Task instructions:
Begin with the line below holding "Dual Wearing Heart" and go on through the line holding "Инвестор занимается раскруткой", duplicating each line exactly and leaving out pictures.

The data:
=====
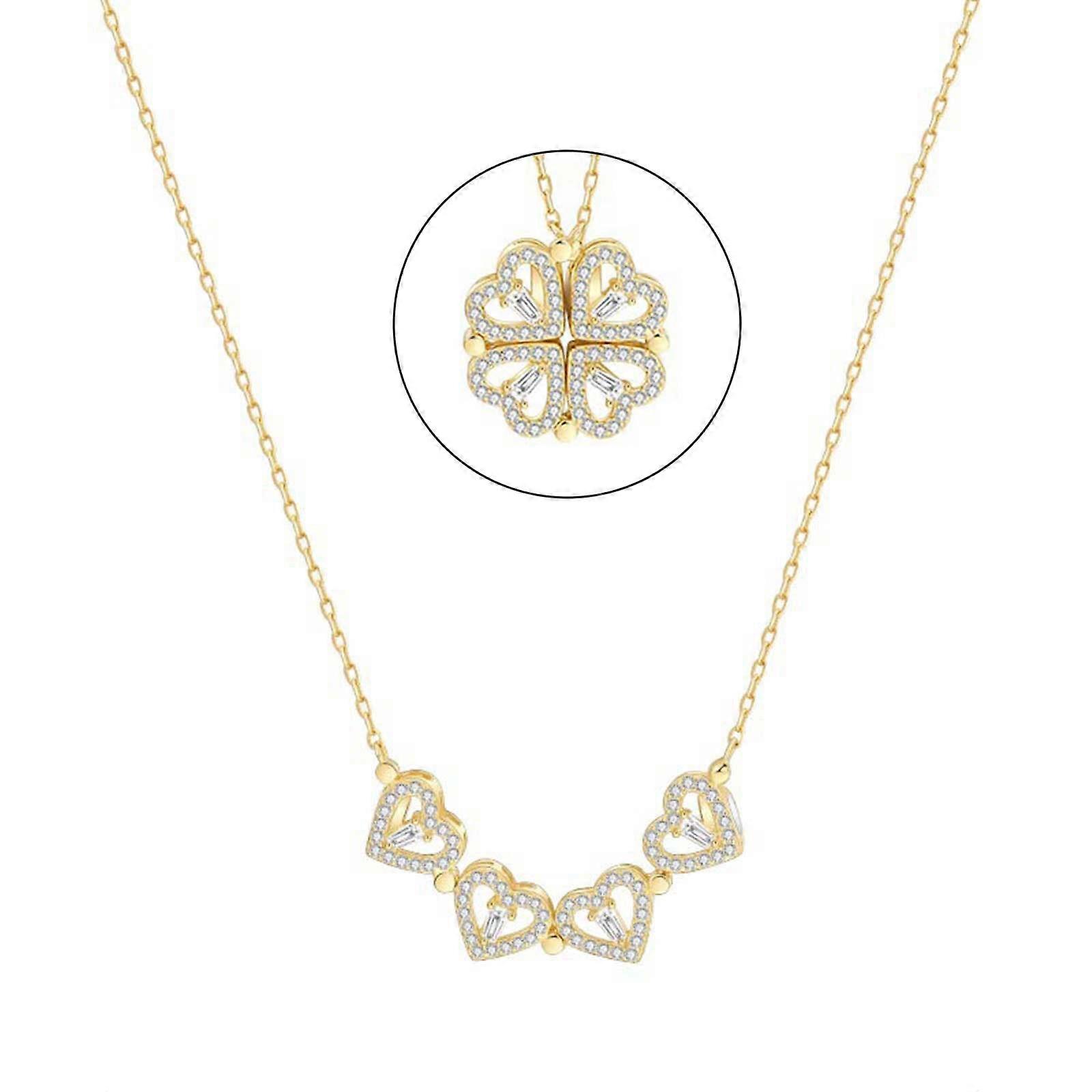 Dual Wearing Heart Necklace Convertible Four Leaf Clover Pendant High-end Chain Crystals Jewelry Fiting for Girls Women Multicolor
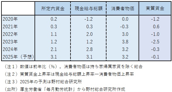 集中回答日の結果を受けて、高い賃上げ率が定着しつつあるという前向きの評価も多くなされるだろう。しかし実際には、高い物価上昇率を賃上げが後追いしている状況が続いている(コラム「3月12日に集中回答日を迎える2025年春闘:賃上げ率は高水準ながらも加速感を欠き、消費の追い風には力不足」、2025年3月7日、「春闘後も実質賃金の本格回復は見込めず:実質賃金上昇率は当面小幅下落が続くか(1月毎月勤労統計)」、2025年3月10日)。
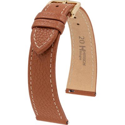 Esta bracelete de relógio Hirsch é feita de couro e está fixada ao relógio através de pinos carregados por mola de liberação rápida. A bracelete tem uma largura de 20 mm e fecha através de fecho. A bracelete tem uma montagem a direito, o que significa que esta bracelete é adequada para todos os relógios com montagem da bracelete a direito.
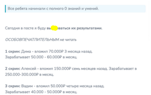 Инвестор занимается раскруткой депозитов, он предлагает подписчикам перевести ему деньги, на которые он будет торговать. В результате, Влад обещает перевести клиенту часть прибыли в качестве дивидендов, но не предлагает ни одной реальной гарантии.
=====
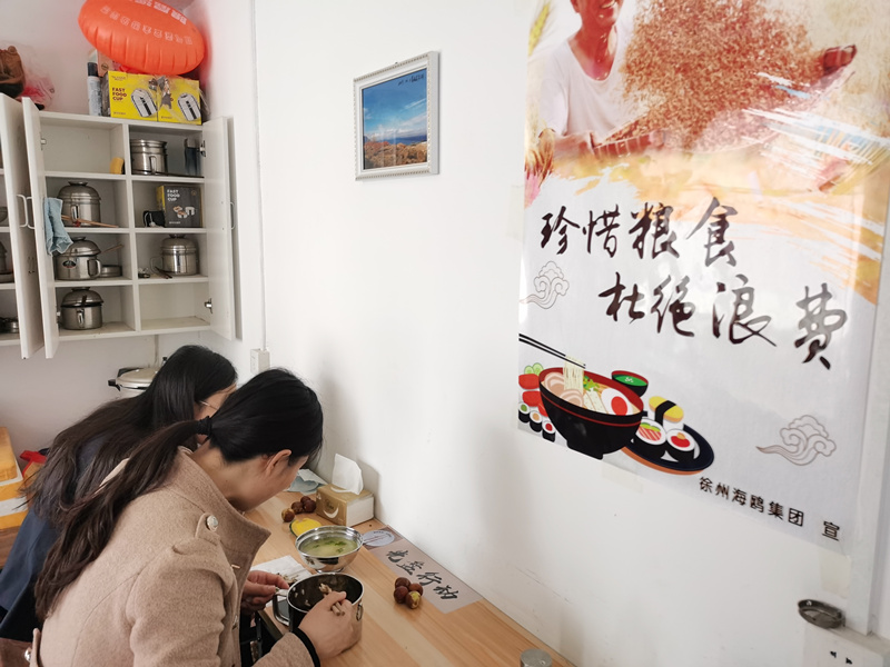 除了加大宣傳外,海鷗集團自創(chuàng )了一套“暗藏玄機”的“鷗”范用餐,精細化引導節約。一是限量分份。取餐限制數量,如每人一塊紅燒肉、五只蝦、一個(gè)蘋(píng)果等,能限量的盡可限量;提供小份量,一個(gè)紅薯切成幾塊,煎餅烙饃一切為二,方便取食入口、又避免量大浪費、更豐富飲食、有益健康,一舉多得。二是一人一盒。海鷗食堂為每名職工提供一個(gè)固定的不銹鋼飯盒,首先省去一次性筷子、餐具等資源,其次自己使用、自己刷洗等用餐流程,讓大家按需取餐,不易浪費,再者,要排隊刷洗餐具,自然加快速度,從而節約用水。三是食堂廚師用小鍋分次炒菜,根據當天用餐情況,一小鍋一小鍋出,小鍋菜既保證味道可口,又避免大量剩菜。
=====
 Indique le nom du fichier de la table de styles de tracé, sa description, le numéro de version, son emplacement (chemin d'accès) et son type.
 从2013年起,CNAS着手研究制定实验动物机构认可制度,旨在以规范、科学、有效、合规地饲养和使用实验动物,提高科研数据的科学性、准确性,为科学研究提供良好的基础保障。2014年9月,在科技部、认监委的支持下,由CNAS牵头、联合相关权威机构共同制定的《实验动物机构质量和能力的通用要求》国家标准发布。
=====
Your response:
 Dual Wearing Heart Necklace Convertible Four Leaf Clover Pendant High-end Chain Crystals Jewelry Fiting for Girls Women Multicolor
 集中回答日の結果を受けて、高い賃上げ率が定着しつつあるという前向きの評価も多くなされるだろう。しかし実際には、高い物価上昇率を賃上げが後追いしている状況が続いている(コラム「3月12日に集中回答日を迎える2025年春闘:賃上げ率は高水準ながらも加速感を欠き、消費の追い風には力不足」、2025年3月7日、「春闘後も実質賃金の本格回復は見込めず:実質賃金上昇率は当面小幅下落が続くか(1月毎月勤労統計)」、2025年3月10日)。
 Esta bracelete de relógio Hirsch é feita de couro e está fixada ao relógio através de pinos carregados por mola de liberação rápida. A bracelete tem uma largura de 20 mm e fecha através de fecho. A bracelete tem uma montagem a direito, o que significa que esta bracelete é adequada para todos os relógios com montagem da bracelete a direito.
 Инвестор занимается раскруткой депозитов, он предлагает подписчикам перевести ему деньги, на которые он будет торговать. В результате, Влад обещает перевести клиенту часть прибыли в качестве дивидендов, но не предлагает ни одной реальной гарантии.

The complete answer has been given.